» Task objective: Beneath this instruction is a block of data; output from it exactly the lines that run from the one containing "Сначала попробуем запустить" through the one containing "Emalia uniwersalna w", inclusive.

» Provided material:

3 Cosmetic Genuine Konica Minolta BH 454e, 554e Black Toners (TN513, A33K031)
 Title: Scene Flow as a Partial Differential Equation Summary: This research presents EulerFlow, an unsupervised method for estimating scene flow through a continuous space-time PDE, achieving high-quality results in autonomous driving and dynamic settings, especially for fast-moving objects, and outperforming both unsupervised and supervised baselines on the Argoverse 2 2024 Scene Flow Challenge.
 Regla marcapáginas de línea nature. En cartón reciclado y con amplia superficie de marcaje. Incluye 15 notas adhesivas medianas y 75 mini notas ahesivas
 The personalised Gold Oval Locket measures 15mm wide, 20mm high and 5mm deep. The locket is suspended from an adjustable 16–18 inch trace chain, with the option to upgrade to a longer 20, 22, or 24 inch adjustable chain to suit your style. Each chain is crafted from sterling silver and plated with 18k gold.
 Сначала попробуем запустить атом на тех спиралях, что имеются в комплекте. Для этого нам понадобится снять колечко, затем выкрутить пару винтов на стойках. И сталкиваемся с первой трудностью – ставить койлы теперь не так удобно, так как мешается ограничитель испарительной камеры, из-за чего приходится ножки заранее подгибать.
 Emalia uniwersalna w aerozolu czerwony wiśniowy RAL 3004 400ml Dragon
...
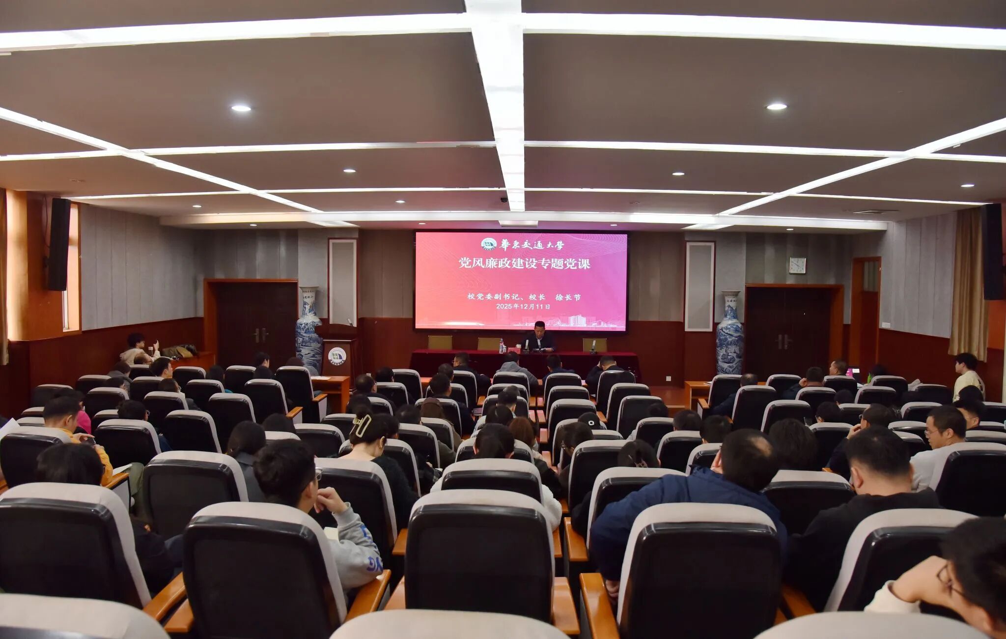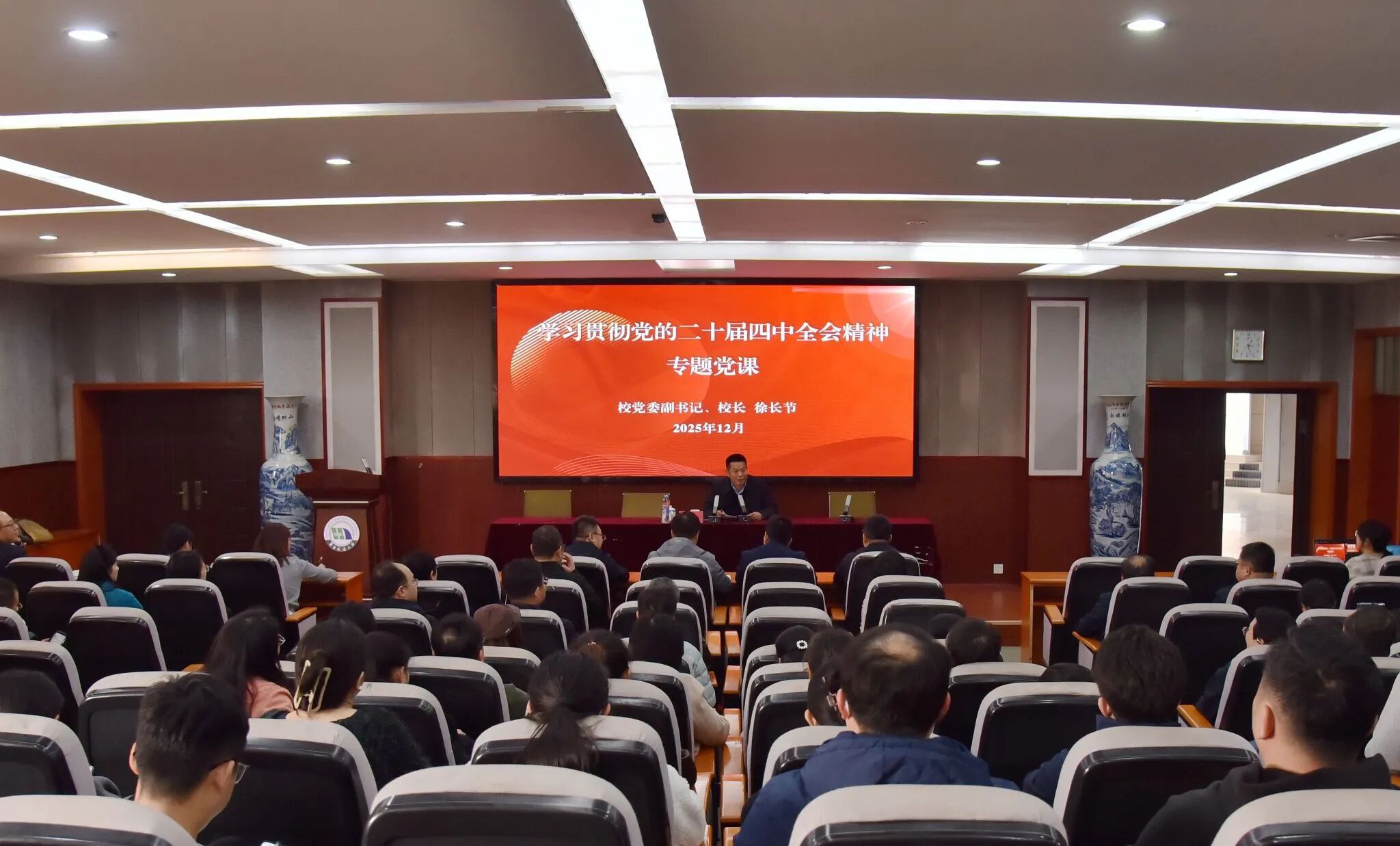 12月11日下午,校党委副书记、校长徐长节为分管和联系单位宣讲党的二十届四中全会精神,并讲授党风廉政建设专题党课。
* * *
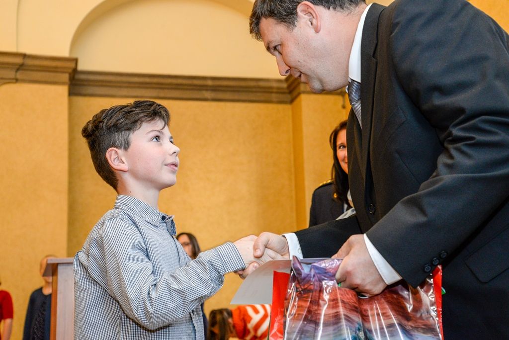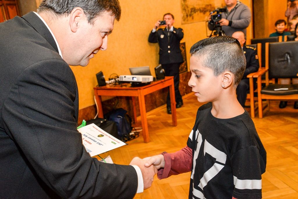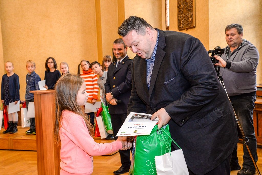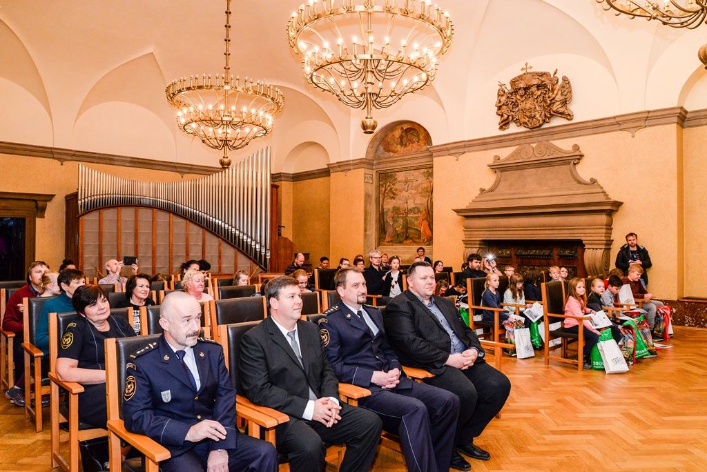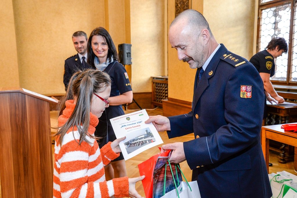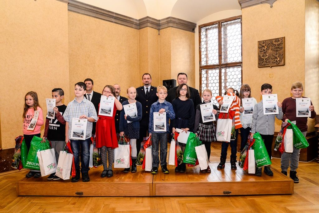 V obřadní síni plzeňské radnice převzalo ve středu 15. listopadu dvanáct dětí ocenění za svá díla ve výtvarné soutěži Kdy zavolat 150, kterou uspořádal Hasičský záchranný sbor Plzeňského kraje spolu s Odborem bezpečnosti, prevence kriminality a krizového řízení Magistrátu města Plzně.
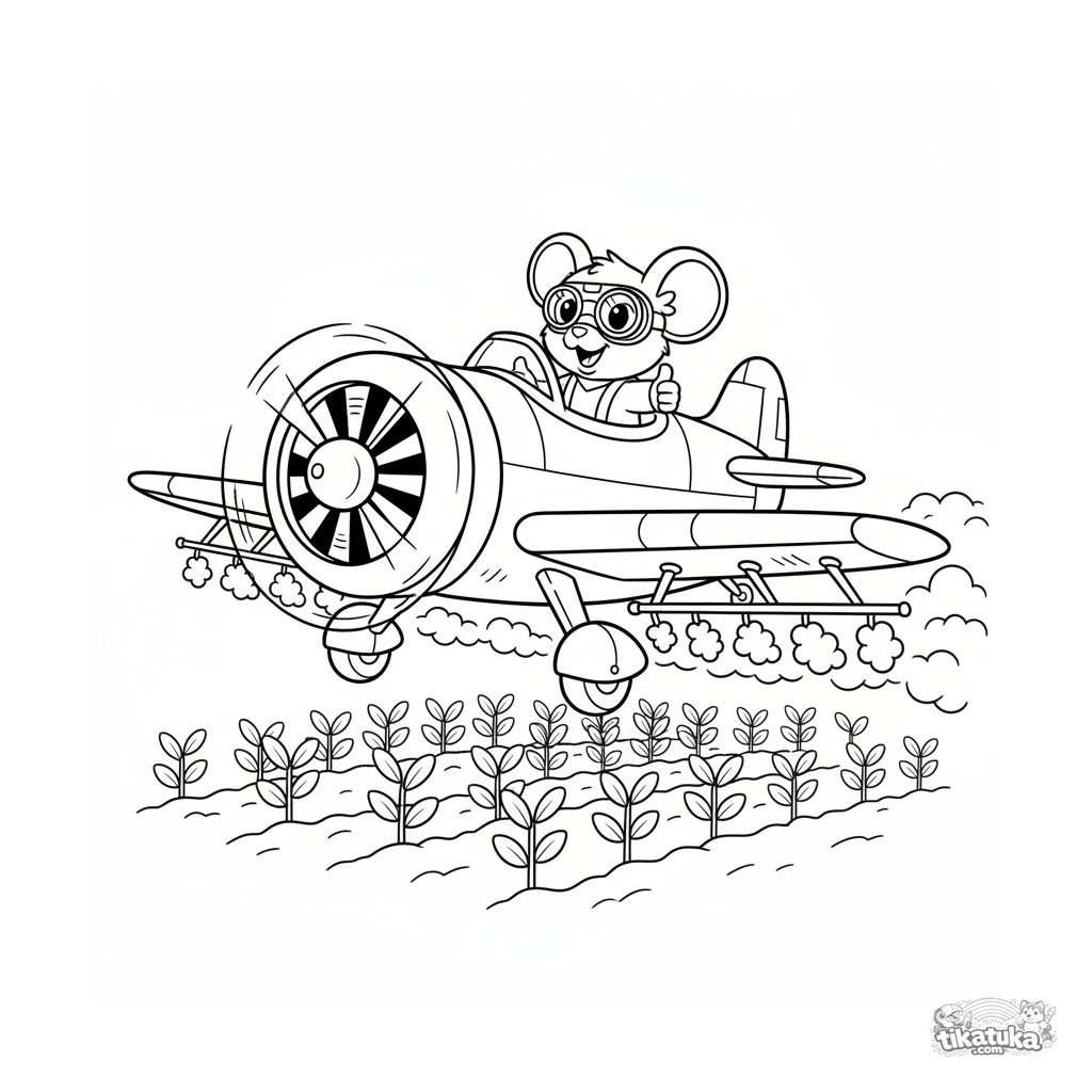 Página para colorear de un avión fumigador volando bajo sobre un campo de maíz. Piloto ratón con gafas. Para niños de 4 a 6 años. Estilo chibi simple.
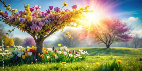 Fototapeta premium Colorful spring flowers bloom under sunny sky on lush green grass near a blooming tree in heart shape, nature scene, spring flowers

» Exercise solution:
 Сначала попробуем запустить атом на тех спиралях, что имеются в комплекте. Для этого нам понадобится снять колечко, затем выкрутить пару винтов на стойках. И сталкиваемся с первой трудностью – ставить койлы теперь не так удобно, так как мешается ограничитель испарительной камеры, из-за чего приходится ножки заранее подгибать.
 Emalia uniwersalna w aerozolu czerwony wiśniowy RAL 3004 400ml Dragon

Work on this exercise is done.